Dataset extract:
+-------+

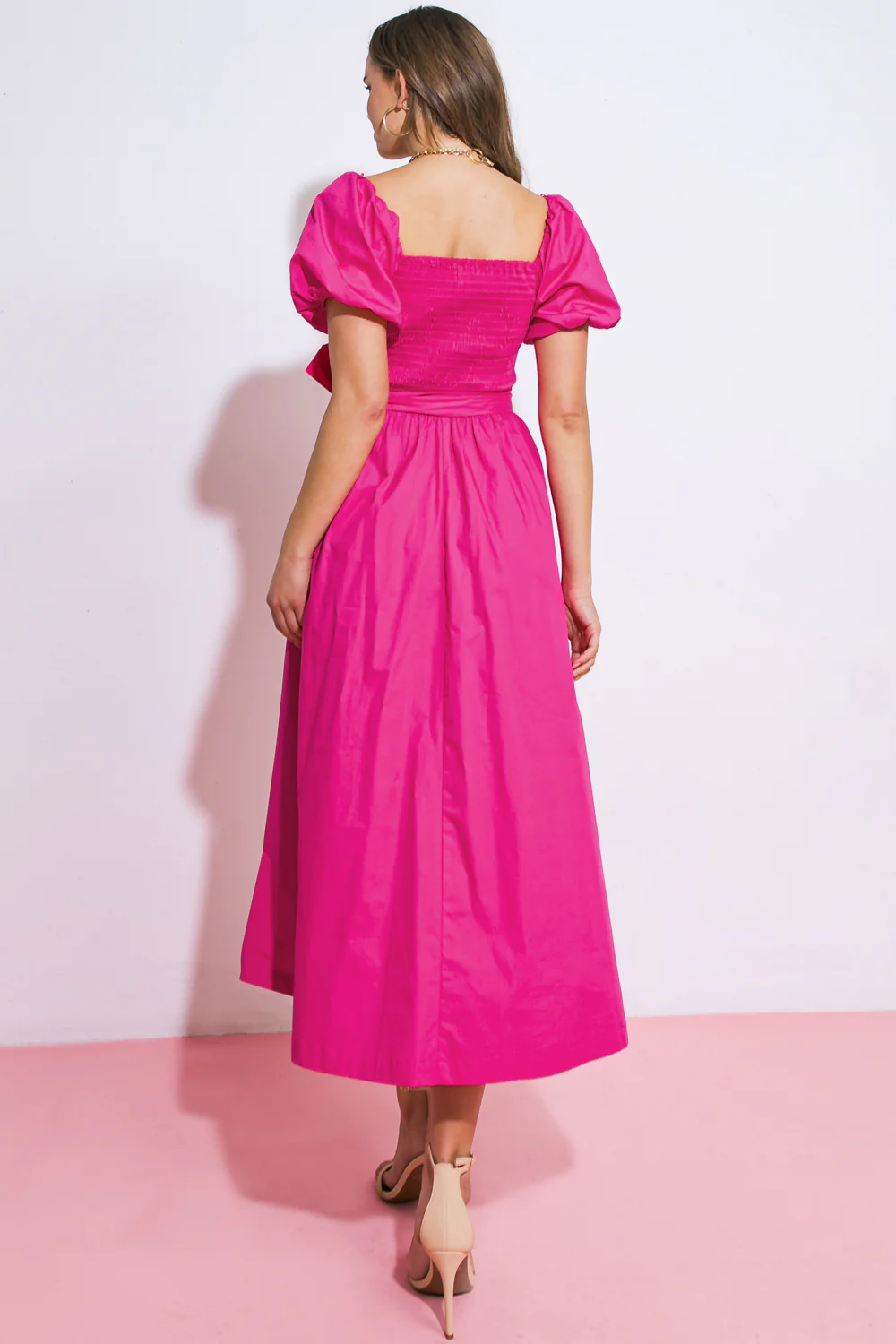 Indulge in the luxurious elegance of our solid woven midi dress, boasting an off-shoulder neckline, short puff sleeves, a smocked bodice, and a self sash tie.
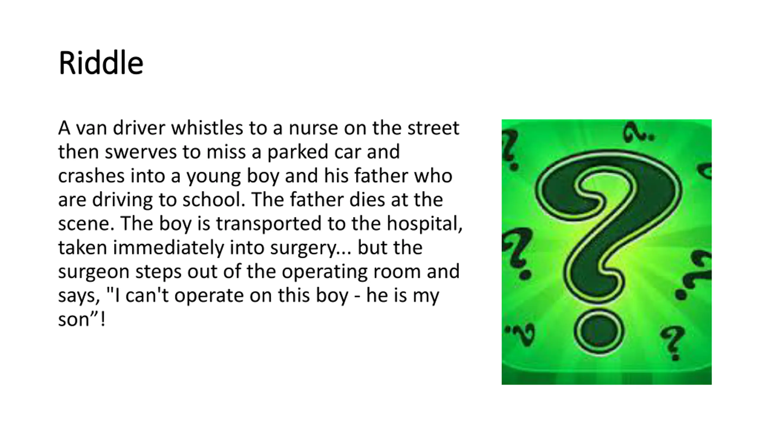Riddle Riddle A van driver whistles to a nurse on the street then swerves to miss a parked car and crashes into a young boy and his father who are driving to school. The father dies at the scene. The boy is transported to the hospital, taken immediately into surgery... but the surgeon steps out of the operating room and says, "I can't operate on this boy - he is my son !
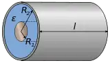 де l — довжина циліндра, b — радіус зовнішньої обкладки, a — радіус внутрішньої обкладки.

+-------+

Work instructions:
Transcribe all of the material exactly, leaving out whatever pictures it contains.

Answer below:
 Indulge in the luxurious elegance of our solid woven midi dress, boasting an off-shoulder neckline, short puff sleeves, a smocked bodice, and a self sash tie.
Riddle Riddle A van driver whistles to a nurse on the street then swerves to miss a parked car and crashes into a young boy and his father who are driving to school. The father dies at the scene. The boy is transported to the hospital, taken immediately into surgery... but the surgeon steps out of the operating room and says, "I can't operate on this boy - he is my son !
 де l — довжина циліндра, b — радіус зовнішньої обкладки, a — радіус внутрішньої обкладки.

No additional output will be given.